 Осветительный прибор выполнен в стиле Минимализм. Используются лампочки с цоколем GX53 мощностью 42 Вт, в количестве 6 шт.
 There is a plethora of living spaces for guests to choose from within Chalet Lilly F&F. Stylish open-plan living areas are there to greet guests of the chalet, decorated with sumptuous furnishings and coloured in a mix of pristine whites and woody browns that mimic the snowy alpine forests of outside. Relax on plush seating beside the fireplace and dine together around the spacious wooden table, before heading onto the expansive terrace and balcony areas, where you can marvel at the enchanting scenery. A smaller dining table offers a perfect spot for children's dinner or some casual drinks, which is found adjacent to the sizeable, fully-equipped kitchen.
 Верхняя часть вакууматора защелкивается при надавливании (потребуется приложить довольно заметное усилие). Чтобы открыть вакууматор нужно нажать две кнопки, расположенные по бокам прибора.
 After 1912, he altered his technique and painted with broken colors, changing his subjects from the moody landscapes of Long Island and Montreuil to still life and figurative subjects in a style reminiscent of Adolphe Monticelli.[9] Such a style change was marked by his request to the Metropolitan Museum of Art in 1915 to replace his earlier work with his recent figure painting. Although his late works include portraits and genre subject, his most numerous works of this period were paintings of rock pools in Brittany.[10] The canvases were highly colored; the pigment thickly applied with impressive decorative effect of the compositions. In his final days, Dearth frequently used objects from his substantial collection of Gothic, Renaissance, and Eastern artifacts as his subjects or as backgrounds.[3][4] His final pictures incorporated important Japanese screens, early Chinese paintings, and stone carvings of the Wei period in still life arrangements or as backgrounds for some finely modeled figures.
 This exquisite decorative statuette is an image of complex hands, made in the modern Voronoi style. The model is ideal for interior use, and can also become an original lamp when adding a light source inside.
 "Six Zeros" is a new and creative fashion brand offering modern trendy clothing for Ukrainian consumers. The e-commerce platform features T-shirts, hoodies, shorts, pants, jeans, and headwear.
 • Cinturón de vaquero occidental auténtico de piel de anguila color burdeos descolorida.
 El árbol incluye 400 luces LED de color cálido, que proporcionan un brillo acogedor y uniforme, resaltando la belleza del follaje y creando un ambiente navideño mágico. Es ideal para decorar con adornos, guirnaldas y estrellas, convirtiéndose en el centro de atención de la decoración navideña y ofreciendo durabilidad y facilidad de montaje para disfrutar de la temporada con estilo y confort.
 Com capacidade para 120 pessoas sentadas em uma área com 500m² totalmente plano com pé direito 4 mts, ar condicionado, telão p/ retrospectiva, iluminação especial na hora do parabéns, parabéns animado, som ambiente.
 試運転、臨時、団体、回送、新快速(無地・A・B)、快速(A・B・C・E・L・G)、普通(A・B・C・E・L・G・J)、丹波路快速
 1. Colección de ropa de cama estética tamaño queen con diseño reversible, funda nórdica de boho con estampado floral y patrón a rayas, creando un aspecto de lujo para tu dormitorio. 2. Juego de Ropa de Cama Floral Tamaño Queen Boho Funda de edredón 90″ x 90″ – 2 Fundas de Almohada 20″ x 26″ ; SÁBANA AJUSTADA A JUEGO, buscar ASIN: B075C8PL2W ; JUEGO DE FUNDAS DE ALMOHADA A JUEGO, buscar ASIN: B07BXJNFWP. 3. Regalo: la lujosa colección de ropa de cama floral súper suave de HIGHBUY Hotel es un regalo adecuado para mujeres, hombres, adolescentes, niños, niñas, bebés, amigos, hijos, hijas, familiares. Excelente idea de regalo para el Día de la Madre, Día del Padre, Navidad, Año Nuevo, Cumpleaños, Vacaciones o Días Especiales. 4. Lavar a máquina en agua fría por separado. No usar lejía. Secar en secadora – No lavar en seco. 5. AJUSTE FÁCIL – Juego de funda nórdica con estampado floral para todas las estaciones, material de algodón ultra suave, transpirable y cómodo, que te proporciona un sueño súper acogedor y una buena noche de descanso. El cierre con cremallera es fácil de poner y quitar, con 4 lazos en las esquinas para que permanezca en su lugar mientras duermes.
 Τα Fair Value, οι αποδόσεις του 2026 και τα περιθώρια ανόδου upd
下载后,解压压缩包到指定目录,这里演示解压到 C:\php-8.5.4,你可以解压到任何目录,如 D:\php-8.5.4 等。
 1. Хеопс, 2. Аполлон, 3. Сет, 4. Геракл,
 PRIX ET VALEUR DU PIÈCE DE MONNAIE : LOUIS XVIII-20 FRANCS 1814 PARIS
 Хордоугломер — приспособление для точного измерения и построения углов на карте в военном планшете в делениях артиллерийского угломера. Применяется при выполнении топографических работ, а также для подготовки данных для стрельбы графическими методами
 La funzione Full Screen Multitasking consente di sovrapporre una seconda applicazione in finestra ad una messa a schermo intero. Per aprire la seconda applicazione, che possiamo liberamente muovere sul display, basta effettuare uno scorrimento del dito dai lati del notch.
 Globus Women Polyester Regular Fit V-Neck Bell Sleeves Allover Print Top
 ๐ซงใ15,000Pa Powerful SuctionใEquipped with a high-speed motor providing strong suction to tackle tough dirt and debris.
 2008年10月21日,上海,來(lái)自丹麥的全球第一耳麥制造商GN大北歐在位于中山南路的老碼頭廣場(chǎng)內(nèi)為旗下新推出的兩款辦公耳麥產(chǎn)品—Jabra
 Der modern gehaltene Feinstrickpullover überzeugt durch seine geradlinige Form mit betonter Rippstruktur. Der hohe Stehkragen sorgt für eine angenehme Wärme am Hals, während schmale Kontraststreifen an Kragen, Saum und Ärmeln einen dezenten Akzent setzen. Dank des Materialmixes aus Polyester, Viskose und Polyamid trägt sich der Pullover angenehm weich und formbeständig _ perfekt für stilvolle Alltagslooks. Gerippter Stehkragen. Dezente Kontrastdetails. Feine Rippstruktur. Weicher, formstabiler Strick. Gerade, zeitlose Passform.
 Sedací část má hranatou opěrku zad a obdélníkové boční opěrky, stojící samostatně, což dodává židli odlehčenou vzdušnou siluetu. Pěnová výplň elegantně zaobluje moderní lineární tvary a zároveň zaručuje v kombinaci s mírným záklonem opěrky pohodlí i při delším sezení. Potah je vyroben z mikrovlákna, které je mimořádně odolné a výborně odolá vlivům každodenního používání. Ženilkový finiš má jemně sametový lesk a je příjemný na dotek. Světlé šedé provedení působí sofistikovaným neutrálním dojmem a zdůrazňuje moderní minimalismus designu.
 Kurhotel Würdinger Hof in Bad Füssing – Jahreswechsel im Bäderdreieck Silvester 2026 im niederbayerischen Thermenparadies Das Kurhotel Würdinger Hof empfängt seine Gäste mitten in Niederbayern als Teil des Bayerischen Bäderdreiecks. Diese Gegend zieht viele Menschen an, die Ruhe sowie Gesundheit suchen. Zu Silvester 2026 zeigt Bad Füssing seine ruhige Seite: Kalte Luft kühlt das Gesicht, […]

────────────────────────────────────────

List all lines above in which the string "decorative" appears.

 After 1912, he altered his technique and painted with broken colors, changing his subjects from the moody landscapes of Long Island and Montreuil to still life and figurative subjects in a style reminiscent of Adolphe Monticelli.[9] Such a style change was marked by his request to the Metropolitan Museum of Art in 1915 to replace his earlier work with his recent figure painting. Although his late works include portraits and genre subject, his most numerous works of this period were paintings of rock pools in Brittany.[10] The canvases were highly colored; the pigment thickly applied with impressive decorative effect of the compositions. In his final days, Dearth frequently used objects from his substantial collection of Gothic, Renaissance, and Eastern artifacts as his subjects or as backgrounds.[3][4] His final pictures incorporated important Japanese screens, early Chinese paintings, and stone carvings of the Wei period in still life arrangements or as backgrounds for some finely modeled figures.
 This exquisite decorative statuette is an image of complex hands, made in the modern Voronoi style. The model is ideal for interior use, and can also become an original lamp when adding a light source inside.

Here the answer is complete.